“The end of all our exploring will be to arrive where we started and know the place for the first time.”
T.S. Eliot probably was not referring to bare knuckle boxing when he wrote those words. But we do seem to find ourselves in that situation today.
Richard K. Fox took over the National Police Gazette in 1877 and soon began featuring boxing within the Gazette’s pages. This was prize fighting, by the London Prize Ring Rules. There were no gloves, no wraps, no protection of any sort from the waist up. And it was totally illegal in every jurisdiction within the United States.
Prize fighting had always been illegal in the U.S. But it was popular nonetheless, until the first high-profile tragedy occurred in 1842. In a match in Hastings, New York, Christopher Lilly essentially beat Thomas McCoy to death. And the combination of a law-enforcement crackdown and the public’s shock at the incident put a pall over the sport in this country for a generation.
With the passage of time, however, the public’s taste for bare knuckle boxing began to return. And then two things happened. Those things were Richard K. Fox and John L. Sullivan.
Fox’s story can be found elsewhere in this website. But in a nutshell, he was the P.T. Barnum of publishing. He refined sensational journalism to a degree never before approached, which is still the template for it to this day. Conflict was king, and shocking, in-your-face depictions of activities society preferred to sweep under the rug was queen. Bare knuckle boxing fit this recipe to a T.

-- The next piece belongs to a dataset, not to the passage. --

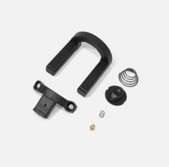 It includes a plastic slider, top and bottom, a spare adjuster with pin and BB stopper, and a spring.

John L. Sullivan, like Muhammad Ali 80 years later, had phenomenal ring skills combined with an uncanny feel for promotion and public relations. Did Fox and Sullivan really hate each other as is commonly thought? After all, Fox was Irish Protestant and Sullivan Irish Catholic. Was it a coincidence that their conflict produced the greatest boxing matches of the late 19th century, bringing Sullivan, the Police Gazette, and boxing in general to heights no one could have imagined? Don’t bet on it.
In 1889, Fox backed the latest of his challengers to try to teach Sullivan a lesson. Jake Kilrain lost that fight, and Sullivan solidified his hold on the bare knuckle boxing championship of the world, winning the Police Gazette championship belt. It would be the last bout to determine that championship for over 120 years.
After more than 10 years of Fox and Sullivan’s efforts, boxing was on the threshold of mainstream acceptance. But there was one catch: it had to be gloved, Marquess of Queensberry Rules. In 1892, Sullivan fought James Corbett for the first gloved championship to be held completely legally in the light of day. From that point on, professional boxing followed the gloved path and the bare-knuckle variety was left to the back alleys and dark corners.
But after more than 100 years of evidence, who are the gloves really protecting? The punch taker or the punch thrower? There are not enough examples yet to do a scientific comparison, but are brain injuries really less common in the gloved version than the bare knuckle? Or is it reversed? One way to answer the question might be to ask which sport has more brain injuries, rugby or American football? Both similar sports. One with no protection, the other with massive amounts of protection. But again, what is being protected more? The recipient of the blow or the deliverer who is so cushioned he can deliver with maximum force each time without worry of doing damage to himself.
With that—and other factors and influences—in mind, bare knuckle boxing has been experiencing a renaissance. Yet it picks up right where it left off in 1889: as illegal as the day is long. This in spite of the fact that safety precautions are now abundant, so a repeat of a Thomas McCoy incident is remote. Bouts are no longer governed by the London Prize Ring Rules, which allowed stand-up grappling, throwing, and the rule that said if a fighter was able to walk to the center of the ring without assistance the fight would go on. Fighters like McCoy had to rely on his seconds to know he’d had enough and to stop the fight, whereas impartial referees have that job today.
How, then, can a new bare knuckle championship belt be given without condoning illegal activity? The first Americans have the answer! On August 5, 2011, the Yavapai Nation just outside Scottsdale, Arizona, sanctioned a bare-knuckle bout between Bobby Gunn and Richard Stewart under the laws of the Nation. Gunn emerged the victor and claimed the bare knuckle world championship, a claim made more official when Scott R. Burt of the Bare Knuckle Boxing Hall of Fame presented Gunn with a championship belt in 2014.
This belt is the first given to a bare knuckle champion since Richard K. Fox presented his to John L. Sullivan on behalf of the National Police Gazette in 1889. This year, the Police Gazette officially recognizes the authority of Scott Burt’s belt, bringing full circle a sport that has remained in the shadows for 125 years, and giving today’s fans a chance to “know the place for the first time.”